Referring to FIG. 9 , which is a diagram of a quench protection circuit according to another embodiment of the disclosure. The quench protection circuit 10 includes M (M=8) superconducting coils L1-L8 (101) connected in series. The superconducting coil subsets L1 and L8 are active shielding coils, and current directions thereof are opposite to the current directions of the superconducting coil subsets L2-L7. A pair of current leads 104 are connected to the superconducting coils 101 for connection with an excitation power supply. The low temperature superconducting switch 103 and the current leads 104 are connected in parallel. The first diode pack 102 and the low temperature superconducting switch 103 are connected in parallel. The threshold voltage of the first diode pack 102 is higher than the maximum excitation voltage at both ends of the superconducting magnet for protecting the low temperature superconducting switch 103. Each heater of each heater module in the heater network 105 is thermally coupled to one of the superconducting coils, and each superconducting coil is thermally coupled to at least one heater of each heater module.
The heater network 105 includes 3 heater modules, each heater module has m (m≥1) parallel branches, each parallel branch has n (n≥1) heaters connected in series, and the heater modules 1051 and 1053 are structurally identical, where m*n≥M. The second diode pack 106 includes 3 structurally identical diode pack modules. One heater module in the heater network 105 and one diode module in the second diode pack 106 are connected in series and then are connected with corresponding superconducting coil subsets (sub L1-L2, L3-L6, and L7-L8) in parallel. The threshold voltage of any module in the second diode pack 106 is selected to be higher than the maximum voltage across L1-L2, L3-L6, and L7-L8 during the ramp-up or ramp-down process.
In FIG. 9 , the voltage of the heater network is obtained from the coil subsets L1-L2, L3-L6, and L7-L8, and this is just an example. Depending on the design, the voltage of the heater network may be obtained from voltage between any symmetrical coils or symmetrical sub-coils.
The advantages of the quench protection circuit shown in FIG. 9 are: 1) The coil subsets from which the heater network obtains the voltage are distributed symmetrically in space.

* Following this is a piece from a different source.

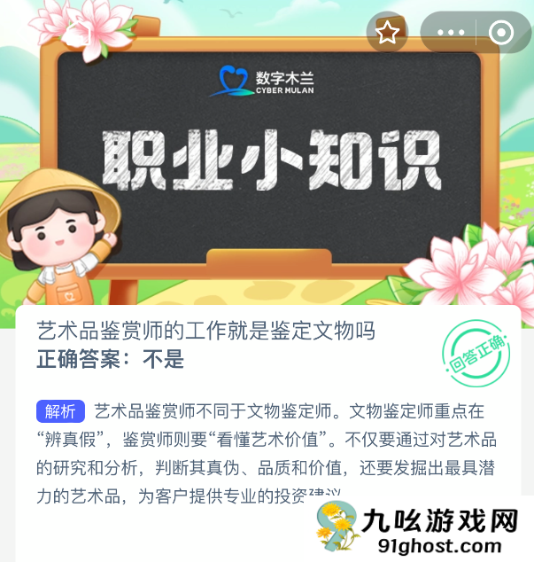 艺术品鉴赏师的工作就是鉴定文物吗?【蚂蚁新村每日一题】2025年10月30日题目已发布!坚持答题,积累木兰币,即可加速小镇建设。答对本题,立即可享“产速+3/时”的加速奖励!今天正确答案是【不是】。艺术品鉴赏师不同于文物鉴定师。文物鉴定师重点在“辨真假”,鉴赏师则要“看懂艺术价值”。

During the quenching process, the currents flowing through L3 and L4, L5 and L6, L1 and L2, and L7 and L8 are always equal, and the difference between the currents flowing through L1 and L8 and L2 and L7 may be controlled at a reasonable level. In this way, the magnitude of the unbalanced force may be controlled to an acceptable value, and the spatially outward expansion range of the stray field may also be controlled to an acceptable value. 2) The heater network is a regular and compact series-parallel network, and the reliability and quench response are greatly improved. The three heater modules in the heater network 105 back up one another, so even if two modules are completely disconnected, the remaining one module can protect all the superconducting coils 101. It can thus be seen that the reliability of the circuit shown in FIG. 9 is further improved than that of the circuit shown in FIG. 6 .
The heater network shown in FIG. 9 includes three heater modules, so it is easy to think that if the heater modules are increased to M modules, the reliability of the quench protection circuit may be significantly increased. However, if the number of heater modules continues to grow, the disadvantage is that the inconsistency of the current may greatly increase, bring an unbalanced force and causing the stray field to expand spatially outward and become uncontrollable. Therefore, the number of heater modules is limited to be N≤3 in the disclosure.
A person having ordinary skill in the art should be able to easily understand that the above description is only preferred embodiments of the disclosure and is not intended to limit the disclosure. Any modifications, equivalent replacements, and improvement made without departing from the spirit and principles of the disclosure should fall within the protection scope of the disclosure.

Claims

1. A quench protection circuit for a superconducting magnet system based on a distributed heater network, comprising: M superconducting coils connected in series and a heater network formed by N heater modules, where M>N and N≤3, wherein the different heater modules are connected in parallel with different superconducting coil subsets, all of the superconducting coil subsets have spatial symmetry, each of the heater modules has m parallel branches, and each of the parallel branches has n heaters connected in series, where m≥1, n≥1, and when N=1, m>1, wherein each of the heaters in the heater network is thermally coupled to one superconducting coil among the M superconducting coils, and each of the superconducting coil is thermally coupled to at least one of the heaters in each of the heater modules.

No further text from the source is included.